[What you need to do] Within the records that follow, restate exactly the lines from the line with "格爾軟件:11月11日高管陸海天減持股份合計(jì)7萬股" down to the line with "Este elegante convite", including both. Omit the pictures.

[Record excerpts]
- - -
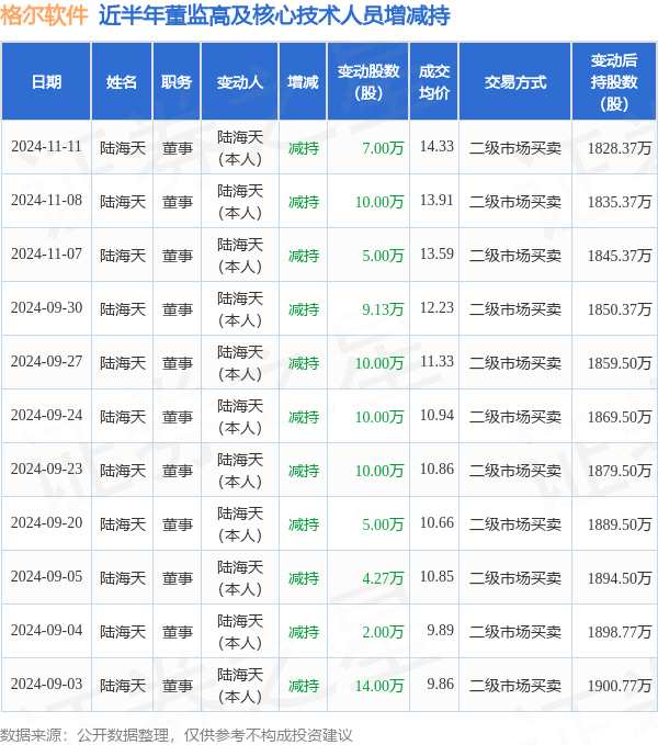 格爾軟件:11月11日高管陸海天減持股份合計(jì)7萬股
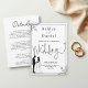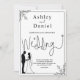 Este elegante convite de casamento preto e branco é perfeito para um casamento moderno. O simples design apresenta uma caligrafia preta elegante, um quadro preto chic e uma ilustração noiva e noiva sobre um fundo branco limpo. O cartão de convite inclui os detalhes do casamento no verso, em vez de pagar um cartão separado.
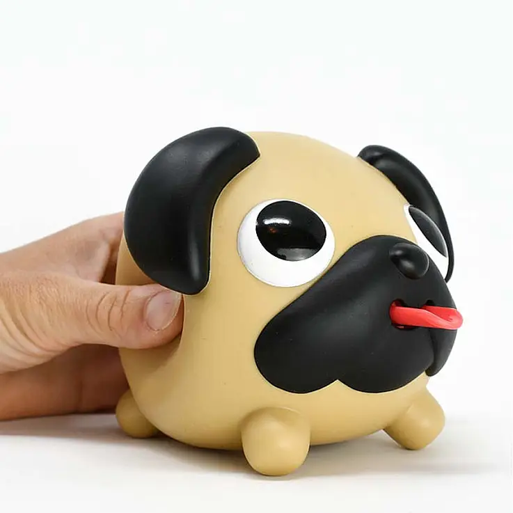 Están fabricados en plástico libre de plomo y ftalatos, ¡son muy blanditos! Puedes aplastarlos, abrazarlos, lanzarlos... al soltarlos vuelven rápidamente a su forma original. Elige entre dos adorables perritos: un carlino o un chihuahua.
- - -
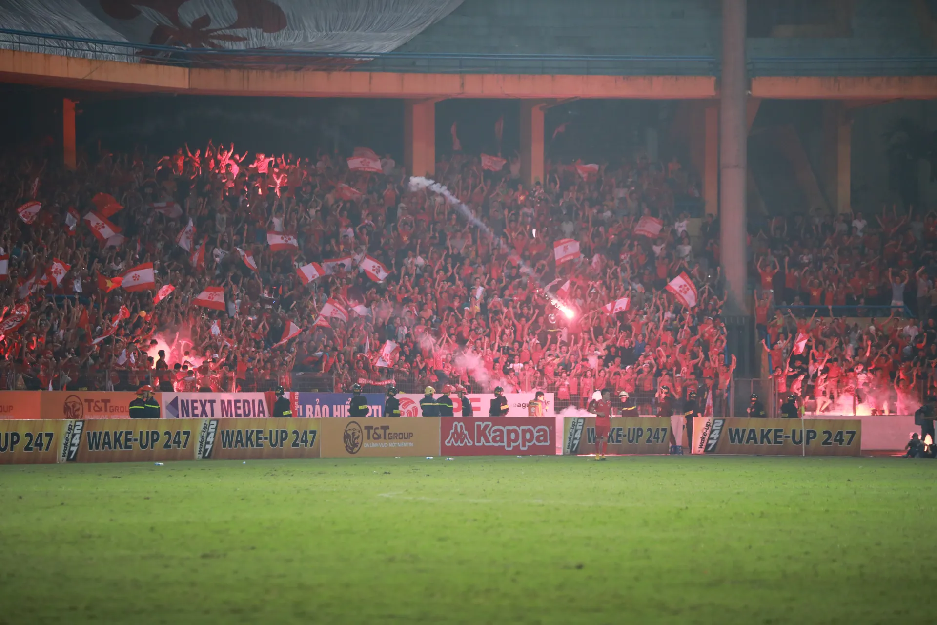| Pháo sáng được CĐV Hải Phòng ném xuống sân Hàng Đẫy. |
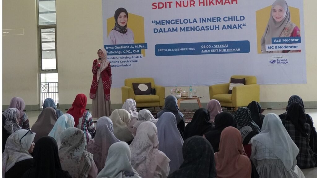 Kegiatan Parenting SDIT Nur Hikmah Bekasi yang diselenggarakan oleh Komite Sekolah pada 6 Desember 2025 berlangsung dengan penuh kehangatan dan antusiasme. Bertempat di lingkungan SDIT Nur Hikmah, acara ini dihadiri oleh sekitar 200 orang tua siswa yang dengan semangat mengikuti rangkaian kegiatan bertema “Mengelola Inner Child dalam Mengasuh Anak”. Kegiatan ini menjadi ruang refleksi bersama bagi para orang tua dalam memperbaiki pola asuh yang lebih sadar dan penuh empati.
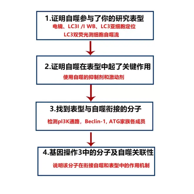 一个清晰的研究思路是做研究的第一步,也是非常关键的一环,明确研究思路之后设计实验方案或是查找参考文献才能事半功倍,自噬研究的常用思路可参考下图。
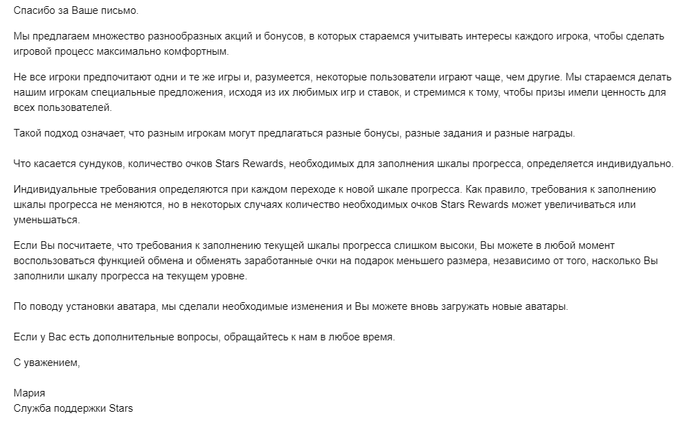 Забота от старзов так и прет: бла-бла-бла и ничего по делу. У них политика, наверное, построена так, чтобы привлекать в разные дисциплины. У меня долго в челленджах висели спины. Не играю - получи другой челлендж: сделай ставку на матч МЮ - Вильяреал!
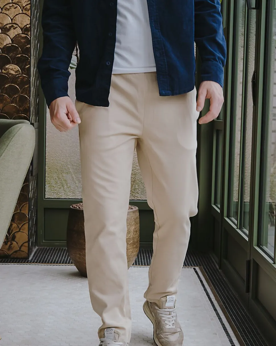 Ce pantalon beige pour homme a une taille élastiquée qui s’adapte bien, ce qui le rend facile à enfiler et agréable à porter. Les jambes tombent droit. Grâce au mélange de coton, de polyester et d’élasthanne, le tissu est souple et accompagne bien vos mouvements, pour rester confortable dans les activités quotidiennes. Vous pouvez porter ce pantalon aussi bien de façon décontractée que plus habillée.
- - -
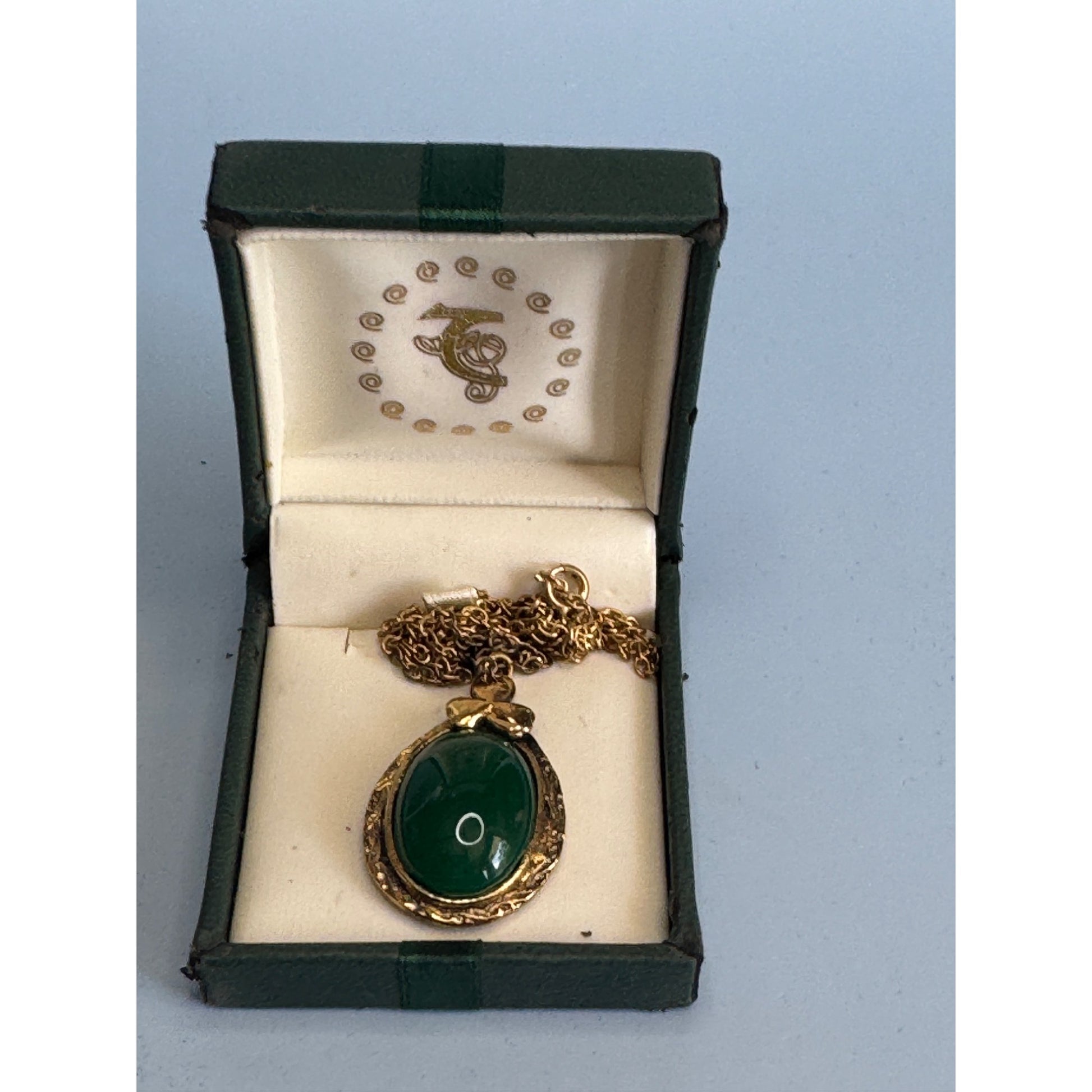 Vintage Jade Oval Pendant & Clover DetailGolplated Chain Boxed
- - -
[Answer to the exercise]
 格爾軟件:11月11日高管陸海天減持股份合計(jì)7萬股
 Este elegante convite de casamento preto e branco é perfeito para um casamento moderno. O simples design apresenta uma caligrafia preta elegante, um quadro preto chic e uma ilustração noiva e noiva sobre um fundo branco limpo. O cartão de convite inclui os detalhes do casamento no verso, em vez de pagar um cartão separado.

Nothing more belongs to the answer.